No automatic or semi-automatic weapons, hunting rifles, shotguns, handguns, mace, or knives?  (I was surprised that he failed to ask about throwing stars, blunderbuss, or bear spray).
But what about my Bear Spray?  Is that allowed, Mr. Border Agent?
At any rate, he ordered us to park and come inside for further questioning.  D was as surprised as I was at this sudden detention.  I handed my soup to her to toss in the trash can outside of the station, but it spilled all over her seat and had to be wiped up with my fleece blanket.  Joy.  In the station, we were ordered to sit until a snotty female border agent called us up to the window.  She proceeded to bombard us with personal questions, writing our responses on a coffee-stained napkin before handing us back our passports and allowing us to leave.  Welcome to Canada.

We finally made it to our hosts' house, but not before getting lost and facing mild despair.  They were relieved to find us safe and intact, feeding us hearty Canadian food before showing us to our basement rooms.  Mine was the bigger, windowed room, complete with a temperature of arctic proportions.  I shivered on my bed, waiting for the shower as I turned the space heater full blast on the nightstand.  I was occupied with chatting to my mom online when out of nowhere, everything but my computer screen went dark.  In the bathroom, D's blowdryer went silent.  For a few stunned seconds I sat in the dark, disoriented by the shock of cold air that now smothered me in the absence of my heater.  Freezing, I jumped up to find D and learn what had just happened.  The combination of the hairdryer and my space heater had apparently shorted the circuit in the bathroom and my room.  Since our hosts had already gone to bed, D and I decided to share her room, which was smaller, windowless and, most importantly, had power.  Between several layers of wool blankets, the space heater, and shared body warmth, the cold wasn't unbearable.

D had some business at the local college for a good chunk of the next day, so I settled in to the campus library, surreptitiously people-watching while pretending to read.  Most of the students near me seemed to be finishing their term projects for finals week, which made me terribly nostalgic.  Oh, how I miss the campus life.  Sadly, I didn't find an opportune moment to actually talk to anyone, thwarting my ulterior motive for the trip.
Unfortunately, I didn't get to bring home the souvenir I wanted.  Boo.
That evening, we explored Thunder Bay for decent photo-ops.  I misplaced my mittens in the Jeep, not realizing the very real dangers of -23° C; my battery died and my fingers went numb very, very quickly in the cold.  We were freezing, hungry, and exhausted by the time we made it back to the car and over to the Kangas, a Finnish restaurant and sauna we'd planned to visit.
Frostbite is a small price to pay for a stunning winter portrait.
We shared a plate of pierogies and pancakes, and I ordered a sandwich to top it all off.  I certainly can't complain about Canadian cooking!  Anyway, after we ate we went down to the sauna.  I always forget just how thick the hot air is in there, but it was a welcome change from the cold.  I also realized that this was my third international spa experience, after the bathhouse in Budapest and the hot springs in Reykjavík.  (I'm moving up in the world, apparently).

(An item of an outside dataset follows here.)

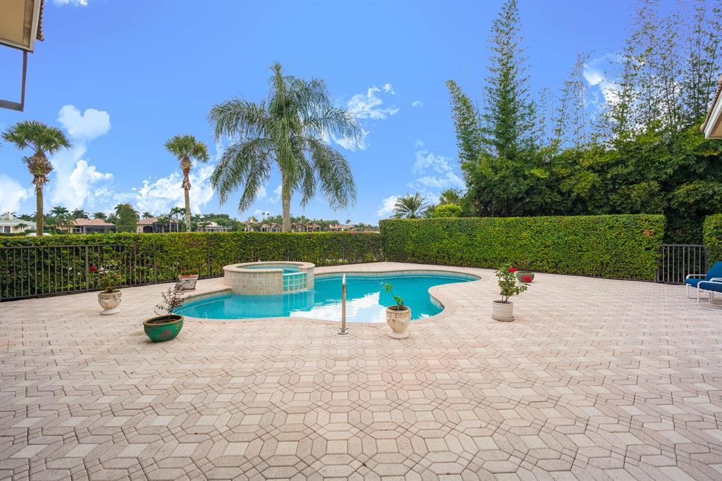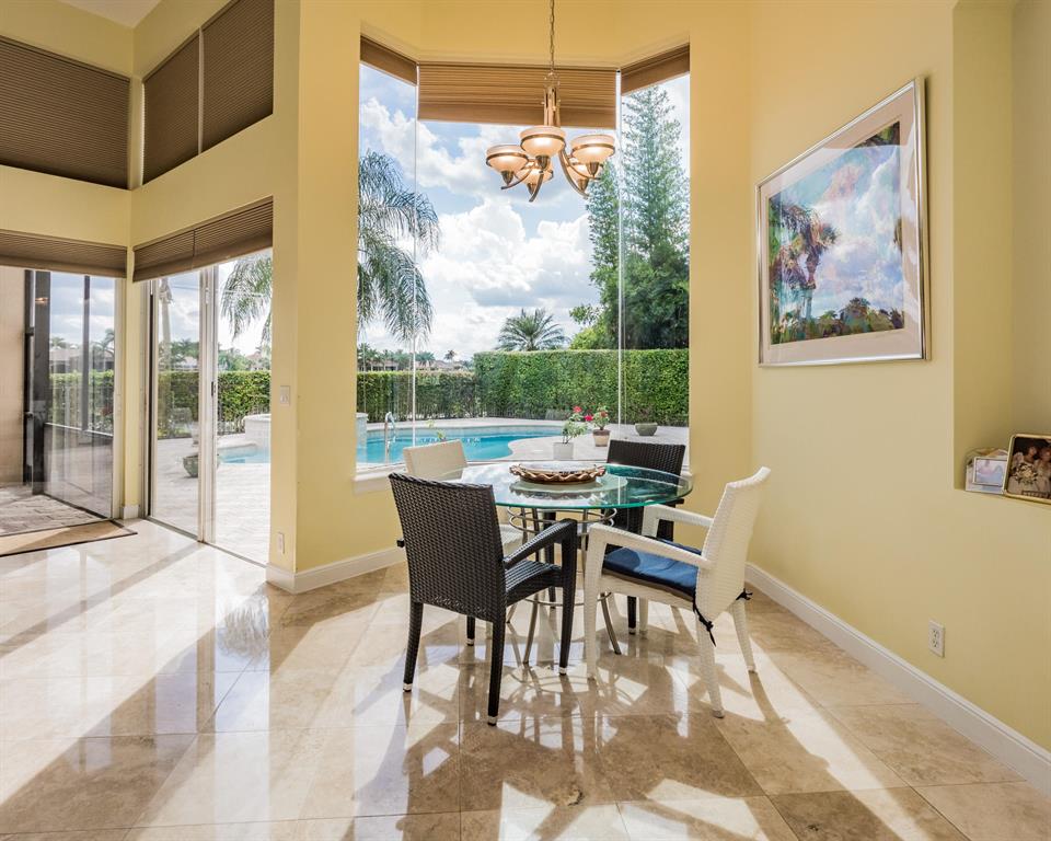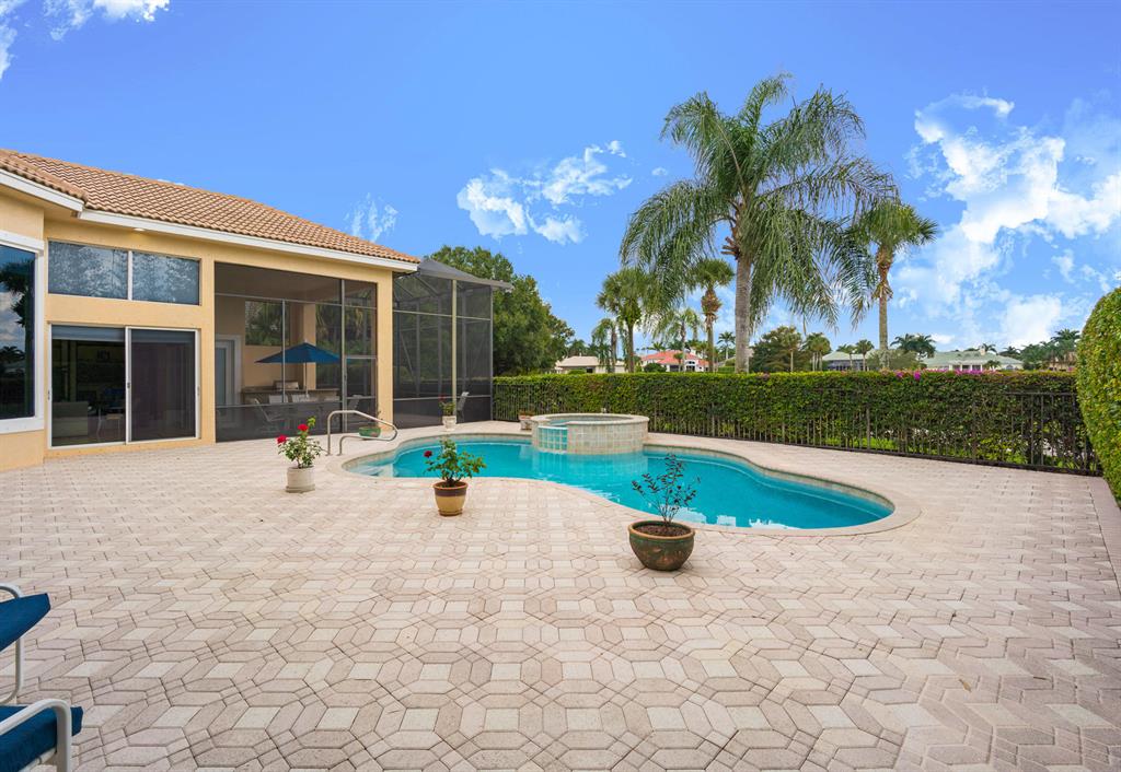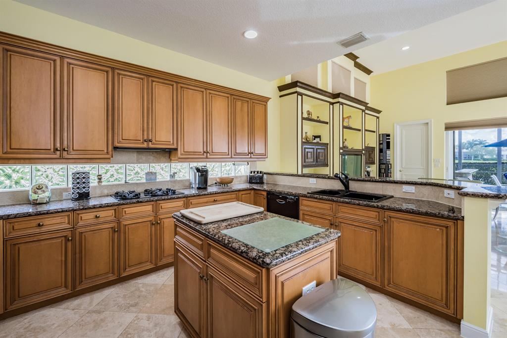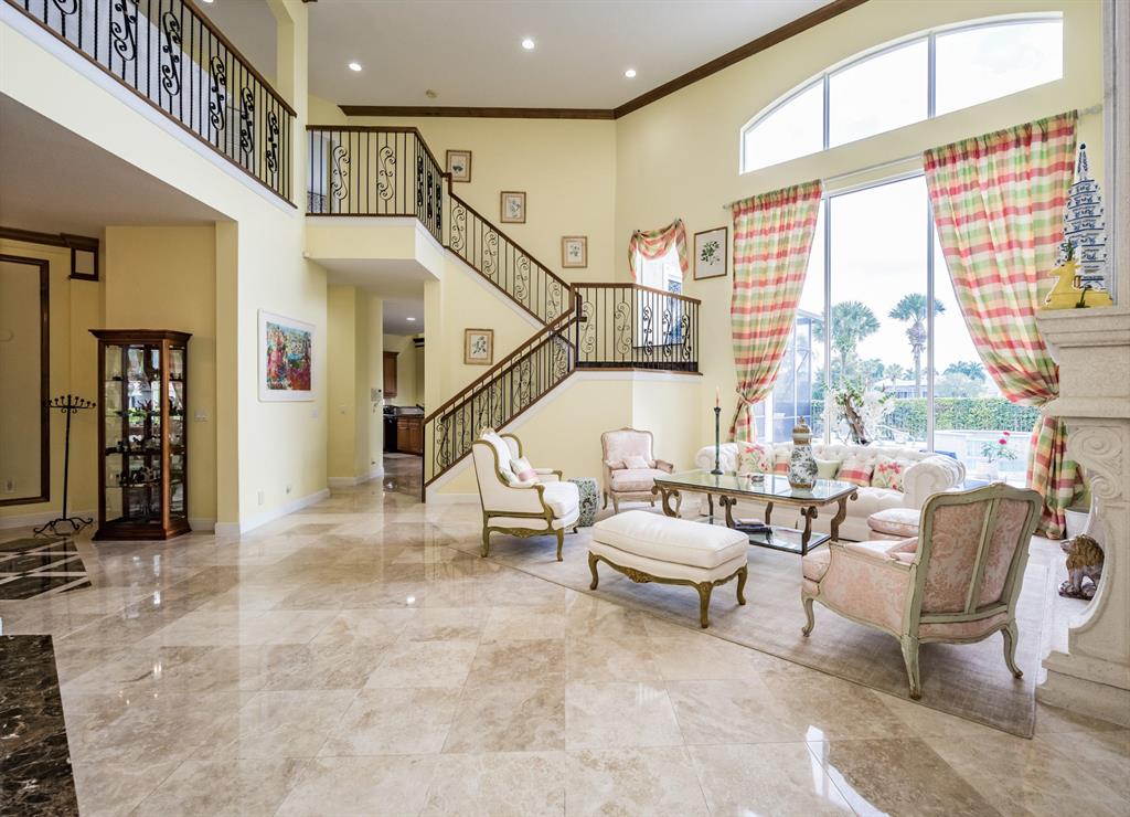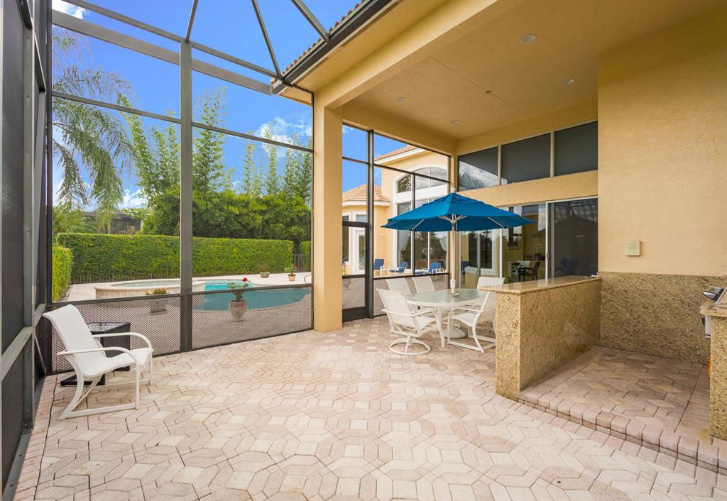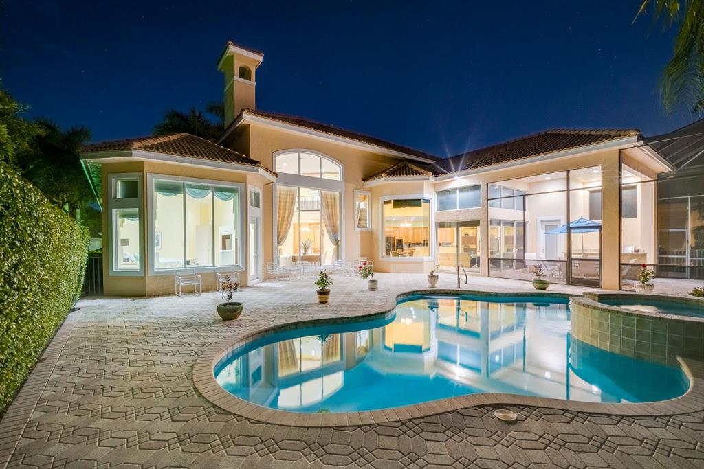 Amazing golf & lake views surround this exceptionally bright, luxurious, meticulously kept, 5BR/4.2BA + den + loft custom model home, located on one of the best lots in the the Egret Lakes community of The Club at Ibis. Desirable features of this split-plan home include a grand marble staircase and marble flooring, soaring 2-story ceilings, a floor-to-ceiling fireplace in the living room, eat-in kitchen with granite countertops and large pantry, a large master suite with wood-look Italian tile flooring, and an expansive paver patio with a granite summer kitchen and a resurfaced salt water pool which overlooks the 4th hole of the Legend Golf Course. Garage has tile flooring, granite countertops, and cabinets.

When we got back to the house, we had another full meal and played board games with our hostess into the wee hours of the night.  D and I both packed our things so we could load the car quickly in the morning and get started on the long drive back.  We also wanted to leave early to get a few sunrise photos.
Sunlight over cattails
The quintessential parka pose
The drive home was less nerve-wracking than the drive to Thunder Bay had been, but it was still a long trip.  Since it was a few degrees warmer, we made several stops for photos.  This time, we had no trouble crossing the border.
December Trees
Lake Superior
Me and D at Split Rock Lighthouse
Despite spinning into the median, choking down bad soup, detention at the border, PMS crankiness, and generally freezing, the trip was exactly what I needed to pull me out of my funk.  I definitely want to spend more time in Canada... but maybe next time I'll go when it's warmer.

Thursday, December 5, 2013


I went through a phase in my life where I claimed to be an introvert.  During my late high school and early college days, I deeply cherished the long walks I would take in solitude through the woods, the trips wandering the mall with nary but my own company, window shopping and browsing through used books.  I have always been highly introspective, so I convinced myself that I was, deep down, an innie.
Admittedly, my false assessment might have been due to social desirability.
I have since found my delusion of personal introversion to be entirely false.  I am an extrovert, through and through.  (I like the sound of my voice, but I like knowing others are receiving those sounds waves even more).  Because of my extroversion, I find my mood, my motivation, myself, really, wilting. I simply don't have enough daily socialization, and I am pretty sure that Greta's beginning to feel smothered by my constant attempts for attention and validation.  (After awhile, my jokes really miss the mark).
(I'm going heavy on the symbolism, here).
I had no idea post-graduate life would throw this at me: I've never had a problem making friends anywhere and, perhaps because of this, I often cherished my reclusive days with Buffy, Dark Shadows, or even the random YouTube doc.  What I took for granted about those times, though, was that I lived on a campus overflowing with people.  Even on the occasional Saturday where I hardly left my room, I could still knock on Lorelle's door, I could still hear the voices and laughter of my floor-mates.  Even the co-ed frat's weird chanting and howling reverberating outside of Heffron Hall somehow fed my need for community.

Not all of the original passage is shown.